Gender dysphoria, racial/cultural microaggressions, triggers, and untreated chronic physical pain lead me to abandon my body to cope every day. Even with multiple sessions of Responsive Body, it’s been hard for me to allow myself to fully return home to this vessel. Especially since repeated states of financial and emotional crisis leave me unable to access consistent care.
The truth is, it will take years of somatic therapy for my body to trust that it’s safe to be present with my pain. I have experienced shame, gaslighting, and dismissal at the doctor’s office, as well as on a broader societal level, for simply being who I am. The message that the world repeatedly gives oppressed people is that our lives don’t have value.

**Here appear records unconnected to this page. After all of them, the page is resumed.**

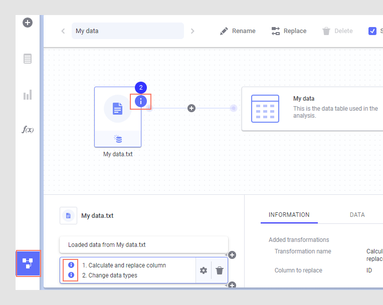 In this example, data has been loaded from a text file. Then, two transformations were inserted: first a "Calculate and replace column"-operation and then a "Change data types"-operation.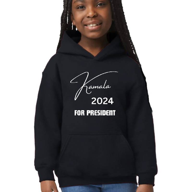 KAMALA design artwork printed on Youth Hooded Sweatshirt with latest DTF technology. Our new management team will place serving you. We offer best online shopping experience to our customers with 30 days return and exchange policy. Shop with confidence at T-funny.com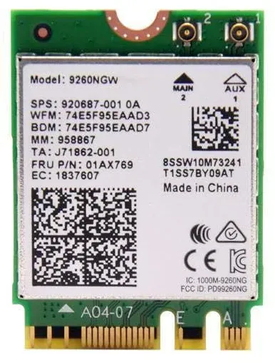 Intel - EAN: 0675901482943 - Die Intel Wireless-AC 9260 ist eine leistungsstarke Netzwerkkarte, die für die Integration in PCs und Notebooks konzipiert wurde. Sie unterstützt die kabellose übertragungstechnik und bietet eine maximale Datenübertragungsrate von bis zu 1730 Mbit/s. Mit dem Dual-Band WLAN (2,4 GHz und 5 GHz) ermöglicht sie eine flexible und schnelle Verbindung, die sich ideal für verschiedene Anwendungen eignet. Die Karte nutzt den Wi-Fi 5 Standard (802.11ac) und ist mit der M.2 Schnittstelle ausgestattet, was eine einfache Installation und Integration in moderne Systeme gewährleistet. Darüber hinaus unterstützt die Wireless-AC 9260 auch Bluetooth 5, was die Konnektivität mit einer Vielzahl von Geräten erweitert. Die kompakte Bauweise und das geringe Gewicht von nur 2,9 g machen sie zu einer praktischen Wahl für Nutzer, die Wert auf Leistung und Effizienz legen. - Maximale Datenübertragungsrate von 1730 Mbit/s - Dual-Band WLAN für flexible Verbindungen - Unterstützt Wi-Fi 5 (802.11ac) Standard - Integrierte Bluetooth 5 Unterstützung - Kompatibel mit Windows 10 und Linux. - bei galaxus.de - aus Yadore Produktdaten Ein sehr günstiges Angebot, das auch Bluetooth 5.0 beinhaltet. ![]() ![]() Bluetooth Wlan - Intel Wireless-AC eBay 9260 9260NGW 01AX769 aus Clevo NB50TZ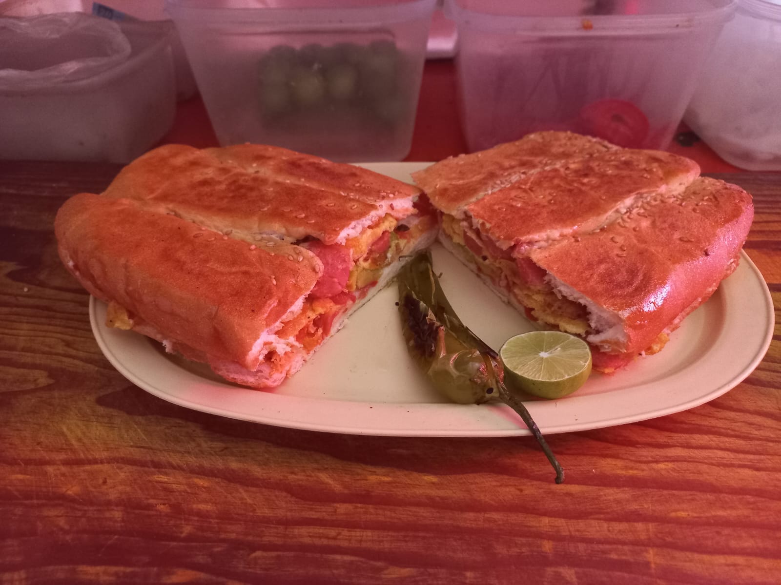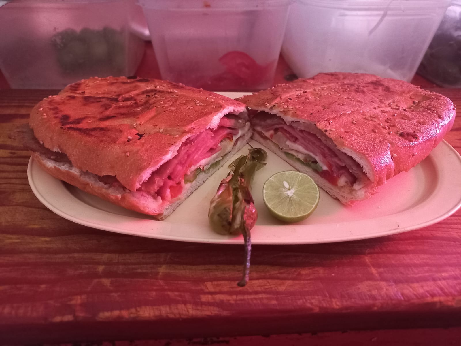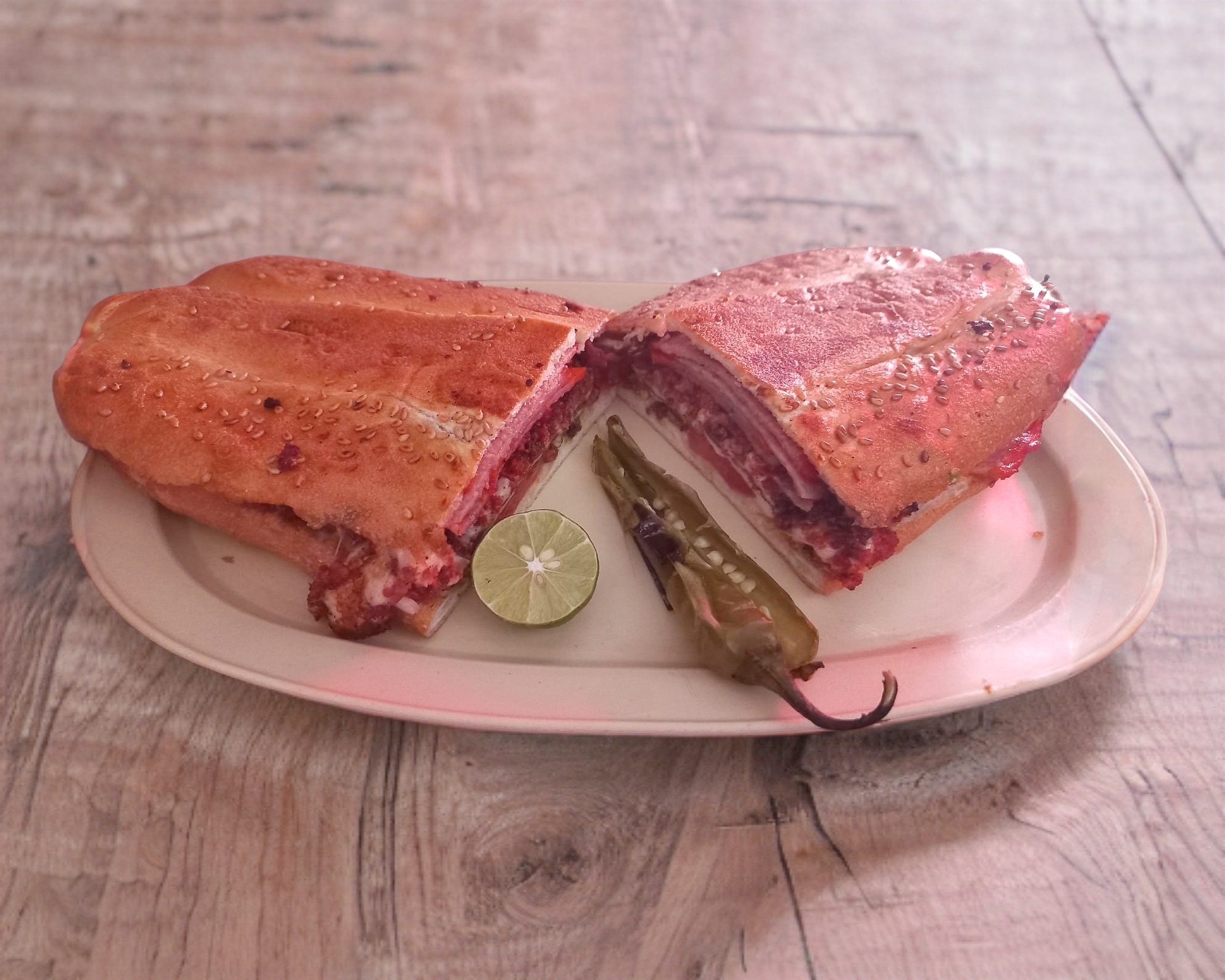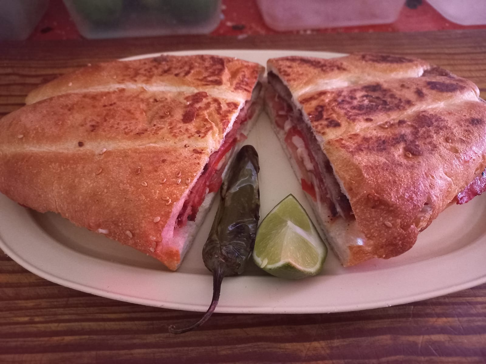 Pan grande de 28 cm de largo, lleva jitomate, aguacate, cebolla, mayonesa, salsa chipotle y chiles toreados aparte.

Facing the depth of pain I’ve experienced, even with lighter skin and a middle-class upbringing, I must acknowledge how much more violent the world is for those with darker skin, and fewer resources. It is through the portal of my pain that I can recognize how all people deserve to grow up in a world that validates their essence, empowers them to have agency over their own bodies and livelihoods, and provides them with adequate resources and care.
A call to Embodied Care is a call to acknowledge and reckon with the damage and violence that has affected so many people in the U.S. The movement is a call to potentiate new realities of joy, belonging, and reclamation of self. It is a call to action to be present and responsive to our humanity (to be in our beingness) and to be moved and committed to addressing human suffering at large.